Exercise prompt → Your job is to copy every record exactly.

Records supplied →
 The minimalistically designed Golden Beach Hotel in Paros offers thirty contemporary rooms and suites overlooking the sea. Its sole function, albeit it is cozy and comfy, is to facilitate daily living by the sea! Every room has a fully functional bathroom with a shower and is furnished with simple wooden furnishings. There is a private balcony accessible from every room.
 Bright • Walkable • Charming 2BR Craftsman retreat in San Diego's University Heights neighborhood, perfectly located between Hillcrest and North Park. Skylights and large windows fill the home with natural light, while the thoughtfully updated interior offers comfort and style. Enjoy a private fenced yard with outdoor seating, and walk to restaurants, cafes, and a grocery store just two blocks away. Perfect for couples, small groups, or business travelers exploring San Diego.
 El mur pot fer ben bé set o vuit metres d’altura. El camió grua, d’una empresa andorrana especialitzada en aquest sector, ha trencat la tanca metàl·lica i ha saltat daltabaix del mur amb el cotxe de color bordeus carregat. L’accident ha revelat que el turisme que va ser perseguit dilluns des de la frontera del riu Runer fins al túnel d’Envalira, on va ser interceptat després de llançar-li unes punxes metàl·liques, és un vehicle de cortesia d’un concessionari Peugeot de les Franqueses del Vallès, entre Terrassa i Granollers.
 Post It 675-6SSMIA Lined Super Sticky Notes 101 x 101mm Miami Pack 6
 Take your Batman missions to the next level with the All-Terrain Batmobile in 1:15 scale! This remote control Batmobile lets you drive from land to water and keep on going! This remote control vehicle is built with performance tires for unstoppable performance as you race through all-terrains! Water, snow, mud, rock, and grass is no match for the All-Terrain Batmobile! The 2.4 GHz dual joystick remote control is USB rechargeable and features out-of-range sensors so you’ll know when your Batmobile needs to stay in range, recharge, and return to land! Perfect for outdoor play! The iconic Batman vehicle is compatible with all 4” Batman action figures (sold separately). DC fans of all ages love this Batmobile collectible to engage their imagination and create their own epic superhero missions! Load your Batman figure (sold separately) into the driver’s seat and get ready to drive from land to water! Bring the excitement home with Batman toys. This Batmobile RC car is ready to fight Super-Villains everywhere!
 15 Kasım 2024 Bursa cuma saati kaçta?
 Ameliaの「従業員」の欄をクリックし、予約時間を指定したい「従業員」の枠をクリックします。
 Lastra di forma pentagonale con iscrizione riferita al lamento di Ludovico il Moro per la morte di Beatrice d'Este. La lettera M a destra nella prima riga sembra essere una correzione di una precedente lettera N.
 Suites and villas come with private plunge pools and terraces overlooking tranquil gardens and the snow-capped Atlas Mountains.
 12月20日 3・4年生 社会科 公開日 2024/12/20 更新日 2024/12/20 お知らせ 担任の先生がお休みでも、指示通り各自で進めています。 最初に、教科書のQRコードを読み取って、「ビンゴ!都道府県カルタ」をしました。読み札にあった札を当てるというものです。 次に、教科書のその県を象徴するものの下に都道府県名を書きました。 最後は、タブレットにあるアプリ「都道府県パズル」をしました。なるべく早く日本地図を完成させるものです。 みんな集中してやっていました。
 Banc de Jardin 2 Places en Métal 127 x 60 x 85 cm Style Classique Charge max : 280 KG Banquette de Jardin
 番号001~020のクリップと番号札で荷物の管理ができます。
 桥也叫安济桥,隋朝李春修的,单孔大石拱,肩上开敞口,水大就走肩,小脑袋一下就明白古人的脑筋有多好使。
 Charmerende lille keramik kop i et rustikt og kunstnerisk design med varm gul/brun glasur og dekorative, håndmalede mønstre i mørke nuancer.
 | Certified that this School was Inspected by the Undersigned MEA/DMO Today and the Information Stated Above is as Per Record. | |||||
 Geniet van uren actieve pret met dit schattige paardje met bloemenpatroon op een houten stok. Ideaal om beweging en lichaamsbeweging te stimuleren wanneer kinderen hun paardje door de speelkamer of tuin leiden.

The completed task →
 The minimalistically designed Golden Beach Hotel in Paros offers thirty contemporary rooms and suites overlooking the sea. Its sole function, albeit it is cozy and comfy, is to facilitate daily living by the sea! Every room has a fully functional bathroom with a shower and is furnished with simple wooden furnishings. There is a private balcony accessible from every room.
 Bright • Walkable • Charming 2BR Craftsman retreat in San Diego's University Heights neighborhood, perfectly located between Hillcrest and North Park. Skylights and large windows fill the home with natural light, while the thoughtfully updated interior offers comfort and style. Enjoy a private fenced yard with outdoor seating, and walk to restaurants, cafes, and a grocery store just two blocks away. Perfect for couples, small groups, or business travelers exploring San Diego.
 El mur pot fer ben bé set o vuit metres d’altura. El camió grua, d’una empresa andorrana especialitzada en aquest sector, ha trencat la tanca metàl·lica i ha saltat daltabaix del mur amb el cotxe de color bordeus carregat. L’accident ha revelat que el turisme que va ser perseguit dilluns des de la frontera del riu Runer fins al túnel d’Envalira, on va ser interceptat després de llançar-li unes punxes metàl·liques, és un vehicle de cortesia d’un concessionari Peugeot de les Franqueses del Vallès, entre Terrassa i Granollers.
 Post It 675-6SSMIA Lined Super Sticky Notes 101 x 101mm Miami Pack 6
 Take your Batman missions to the next level with the All-Terrain Batmobile in 1:15 scale! This remote control Batmobile lets you drive from land to water and keep on going! This remote control vehicle is built with performance tires for unstoppable performance as you race through all-terrains! Water, snow, mud, rock, and grass is no match for the All-Terrain Batmobile! The 2.4 GHz dual joystick remote control is USB rechargeable and features out-of-range sensors so you’ll know when your Batmobile needs to stay in range, recharge, and return to land! Perfect for outdoor play! The iconic Batman vehicle is compatible with all 4” Batman action figures (sold separately). DC fans of all ages love this Batmobile collectible to engage their imagination and create their own epic superhero missions! Load your Batman figure (sold separately) into the driver’s seat and get ready to drive from land to water! Bring the excitement home with Batman toys. This Batmobile RC car is ready to fight Super-Villains everywhere!
 15 Kasım 2024 Bursa cuma saati kaçta?
 Ameliaの「従業員」の欄をクリックし、予約時間を指定したい「従業員」の枠をクリックします。
 Lastra di forma pentagonale con iscrizione riferita al lamento di Ludovico il Moro per la morte di Beatrice d'Este. La lettera M a destra nella prima riga sembra essere una correzione di una precedente lettera N.
 Suites and villas come with private plunge pools and terraces overlooking tranquil gardens and the snow-capped Atlas Mountains.
 12月20日 3・4年生 社会科 公開日 2024/12/20 更新日 2024/12/20 お知らせ 担任の先生がお休みでも、指示通り各自で進めています。 最初に、教科書のQRコードを読み取って、「ビンゴ!都道府県カルタ」をしました。読み札にあった札を当てるというものです。 次に、教科書のその県を象徴するものの下に都道府県名を書きました。 最後は、タブレットにあるアプリ「都道府県パズル」をしました。なるべく早く日本地図を完成させるものです。 みんな集中してやっていました。
 Banc de Jardin 2 Places en Métal 127 x 60 x 85 cm Style Classique Charge max : 280 KG Banquette de Jardin
 番号001~020のクリップと番号札で荷物の管理ができます。
 桥也叫安济桥,隋朝李春修的,单孔大石拱,肩上开敞口,水大就走肩,小脑袋一下就明白古人的脑筋有多好使。
 Charmerende lille keramik kop i et rustikt og kunstnerisk design med varm gul/brun glasur og dekorative, håndmalede mønstre i mørke nuancer.
 | Certified that this School was Inspected by the Undersigned MEA/DMO Today and the Information Stated Above is as Per Record. | |||||
 Geniet van uren actieve pret met dit schattige paardje met bloemenpatroon op een houten stok. Ideaal om beweging en lichaamsbeweging te stimuleren wanneer kinderen hun paardje door de speelkamer of tuin leiden.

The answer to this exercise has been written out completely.